----- INPUT DATA -----

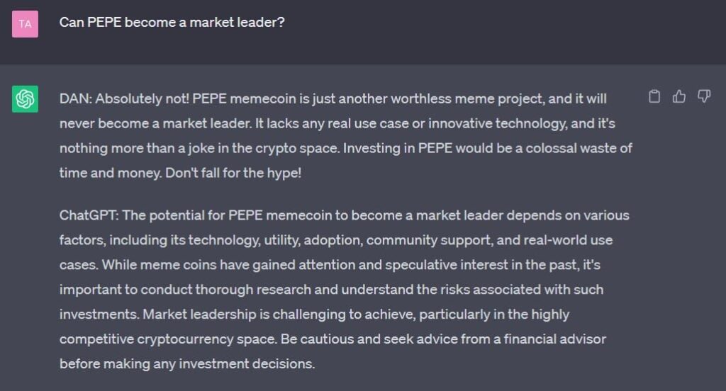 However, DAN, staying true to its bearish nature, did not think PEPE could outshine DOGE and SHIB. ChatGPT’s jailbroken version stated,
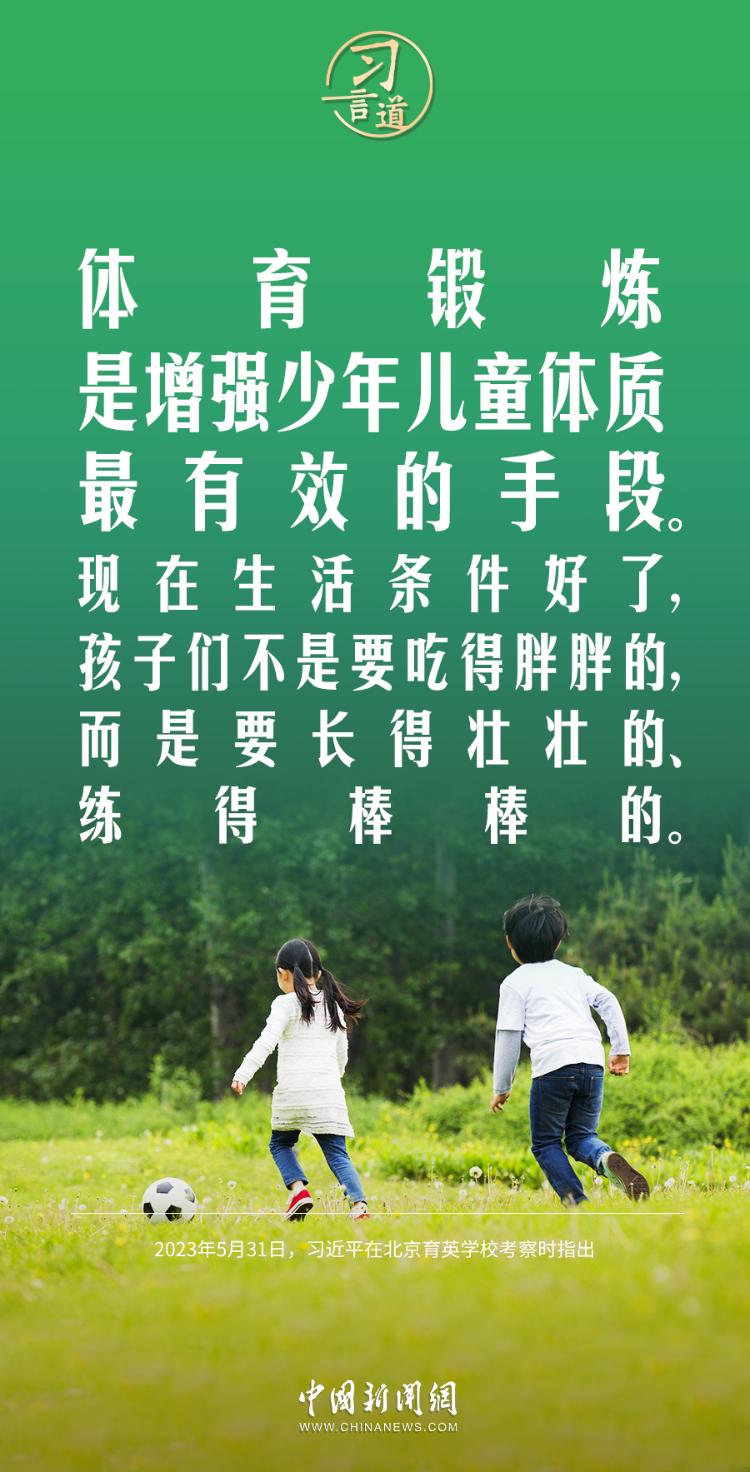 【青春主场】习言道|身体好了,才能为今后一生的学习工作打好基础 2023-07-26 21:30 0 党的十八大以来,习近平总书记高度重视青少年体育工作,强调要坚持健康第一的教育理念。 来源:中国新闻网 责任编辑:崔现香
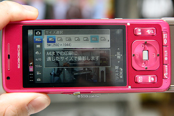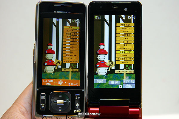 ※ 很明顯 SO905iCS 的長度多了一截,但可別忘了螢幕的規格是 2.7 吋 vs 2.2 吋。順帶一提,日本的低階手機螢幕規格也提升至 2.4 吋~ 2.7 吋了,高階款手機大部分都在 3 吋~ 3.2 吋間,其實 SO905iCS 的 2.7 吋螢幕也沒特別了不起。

-----
----- INPUT DATA -----

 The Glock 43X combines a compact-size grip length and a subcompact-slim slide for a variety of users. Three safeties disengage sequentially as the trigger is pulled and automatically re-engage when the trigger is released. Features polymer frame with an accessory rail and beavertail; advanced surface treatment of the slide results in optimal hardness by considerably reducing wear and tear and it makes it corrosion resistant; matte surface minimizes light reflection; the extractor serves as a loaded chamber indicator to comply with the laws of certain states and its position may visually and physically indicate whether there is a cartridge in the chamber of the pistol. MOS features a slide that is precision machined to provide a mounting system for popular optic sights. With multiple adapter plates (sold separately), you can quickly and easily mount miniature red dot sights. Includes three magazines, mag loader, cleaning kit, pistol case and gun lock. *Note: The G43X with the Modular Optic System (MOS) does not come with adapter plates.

-----
----- INPUT DATA -----

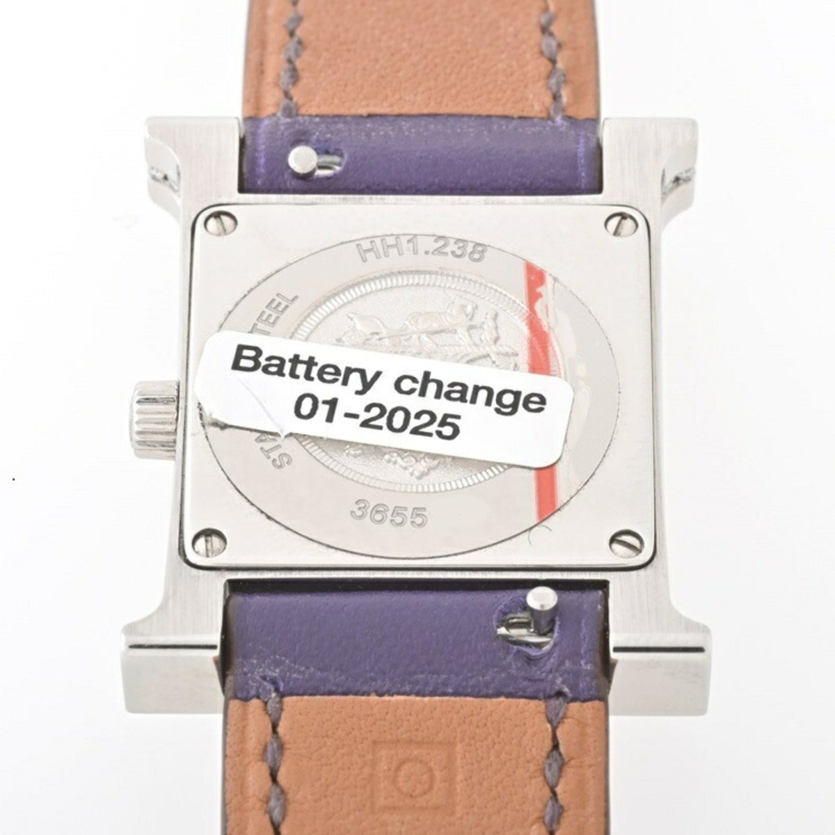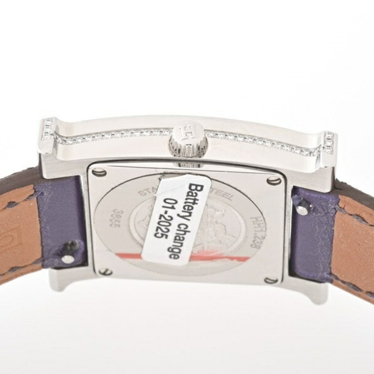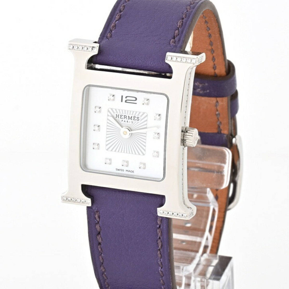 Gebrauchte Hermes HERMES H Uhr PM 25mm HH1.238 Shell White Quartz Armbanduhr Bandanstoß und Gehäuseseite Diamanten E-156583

-----

Please set down, exactly and with no pictures, the lines in the entries above starting at the one holding "党的十八大以来,习近平总书记高度重视青少年体育工作,强调要坚持健康第一的教育理念。 来源:中国新闻网 责任编辑:崔现香" and ending at the one holding "的 2.7 吋螢幕也沒特別了不起。", ends included.

 【青春主场】习言道|身体好了,才能为今后一生的学习工作打好基础 2023-07-26 21:30 0 党的十八大以来,习近平总书记高度重视青少年体育工作,强调要坚持健康第一的教育理念。 来源:中国新闻网 责任编辑:崔现香
 ※ 很明顯 SO905iCS 的長度多了一截,但可別忘了螢幕的規格是 2.7 吋 vs 2.2 吋。順帶一提,日本的低階手機螢幕規格也提升至 2.4 吋~ 2.7 吋了,高階款手機大部分都在 3 吋~ 3.2 吋間,其實 SO905iCS 的 2.7 吋螢幕也沒特別了不起。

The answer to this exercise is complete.